(Saved data entries)
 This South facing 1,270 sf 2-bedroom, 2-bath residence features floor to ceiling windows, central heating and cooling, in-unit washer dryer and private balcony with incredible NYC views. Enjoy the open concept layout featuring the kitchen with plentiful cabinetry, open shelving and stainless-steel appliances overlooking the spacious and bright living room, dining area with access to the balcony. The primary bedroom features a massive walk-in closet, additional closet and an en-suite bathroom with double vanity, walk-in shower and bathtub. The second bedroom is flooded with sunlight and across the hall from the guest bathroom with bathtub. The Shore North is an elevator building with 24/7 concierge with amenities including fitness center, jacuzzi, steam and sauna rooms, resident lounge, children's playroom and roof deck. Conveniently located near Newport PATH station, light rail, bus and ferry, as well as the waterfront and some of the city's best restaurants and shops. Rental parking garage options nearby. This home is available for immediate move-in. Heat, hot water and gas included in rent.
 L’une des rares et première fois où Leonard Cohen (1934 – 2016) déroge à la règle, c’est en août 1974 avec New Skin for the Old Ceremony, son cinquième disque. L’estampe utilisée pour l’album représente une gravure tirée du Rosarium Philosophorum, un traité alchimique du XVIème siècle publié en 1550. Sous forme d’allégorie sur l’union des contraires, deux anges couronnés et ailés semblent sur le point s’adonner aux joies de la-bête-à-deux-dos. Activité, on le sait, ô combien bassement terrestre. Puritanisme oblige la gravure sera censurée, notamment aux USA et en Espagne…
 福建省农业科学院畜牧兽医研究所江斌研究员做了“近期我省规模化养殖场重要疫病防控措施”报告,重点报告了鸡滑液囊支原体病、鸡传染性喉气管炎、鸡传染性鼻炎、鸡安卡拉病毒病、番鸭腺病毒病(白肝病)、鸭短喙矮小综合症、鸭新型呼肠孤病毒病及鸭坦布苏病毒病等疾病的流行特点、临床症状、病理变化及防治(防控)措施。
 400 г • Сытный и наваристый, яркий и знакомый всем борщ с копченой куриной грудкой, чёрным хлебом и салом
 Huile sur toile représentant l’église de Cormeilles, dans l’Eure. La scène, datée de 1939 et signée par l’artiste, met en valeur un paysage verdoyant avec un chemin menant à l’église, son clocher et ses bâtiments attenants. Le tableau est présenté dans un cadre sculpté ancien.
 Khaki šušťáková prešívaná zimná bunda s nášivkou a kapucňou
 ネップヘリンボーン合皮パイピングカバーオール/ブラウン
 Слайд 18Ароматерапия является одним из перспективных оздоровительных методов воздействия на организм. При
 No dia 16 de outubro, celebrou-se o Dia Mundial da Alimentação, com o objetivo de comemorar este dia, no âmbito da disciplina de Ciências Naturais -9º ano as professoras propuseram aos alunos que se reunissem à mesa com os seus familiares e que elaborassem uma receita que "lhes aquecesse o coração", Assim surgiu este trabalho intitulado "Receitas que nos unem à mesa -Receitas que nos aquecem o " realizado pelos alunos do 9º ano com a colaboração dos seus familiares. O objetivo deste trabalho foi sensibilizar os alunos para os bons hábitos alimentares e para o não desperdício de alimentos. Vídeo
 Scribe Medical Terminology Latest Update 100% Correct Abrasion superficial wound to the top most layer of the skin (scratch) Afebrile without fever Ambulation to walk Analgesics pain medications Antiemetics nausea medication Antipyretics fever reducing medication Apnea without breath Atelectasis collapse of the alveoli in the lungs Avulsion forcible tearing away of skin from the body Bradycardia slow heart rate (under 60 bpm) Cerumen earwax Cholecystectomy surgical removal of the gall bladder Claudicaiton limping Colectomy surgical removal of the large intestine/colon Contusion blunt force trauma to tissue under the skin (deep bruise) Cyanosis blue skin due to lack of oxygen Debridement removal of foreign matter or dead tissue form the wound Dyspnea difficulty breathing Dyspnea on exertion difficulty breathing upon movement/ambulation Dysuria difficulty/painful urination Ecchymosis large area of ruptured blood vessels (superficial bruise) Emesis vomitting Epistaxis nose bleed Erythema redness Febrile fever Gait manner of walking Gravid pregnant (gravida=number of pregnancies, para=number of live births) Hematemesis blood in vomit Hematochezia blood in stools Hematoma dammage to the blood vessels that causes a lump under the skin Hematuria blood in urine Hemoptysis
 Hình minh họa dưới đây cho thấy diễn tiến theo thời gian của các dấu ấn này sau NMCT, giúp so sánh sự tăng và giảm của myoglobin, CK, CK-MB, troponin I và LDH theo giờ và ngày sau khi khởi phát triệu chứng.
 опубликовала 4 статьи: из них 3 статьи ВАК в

- **What to produce**: Look above for the line with "Слайд 18Ароматерапия является" and the line with "No dia 16 de". Write out those two lines and all the lines between them, exactly, and no others.

- **Solution for this task**:
 Слайд 18Ароматерапия является одним из перспективных оздоровительных методов воздействия на организм. При
 No dia 16 de outubro, celebrou-se o Dia Mundial da Alimentação, com o objetivo de comemorar este dia, no âmbito da disciplina de Ciências Naturais -9º ano as professoras propuseram aos alunos que se reunissem à mesa com os seus familiares e que elaborassem uma receita que "lhes aquecesse o coração", Assim surgiu este trabalho intitulado "Receitas que nos unem à mesa -Receitas que nos aquecem o " realizado pelos alunos do 9º ano com a colaboração dos seus familiares. O objetivo deste trabalho foi sensibilizar os alunos para os bons hábitos alimentares e para o não desperdício de alimentos. Vídeo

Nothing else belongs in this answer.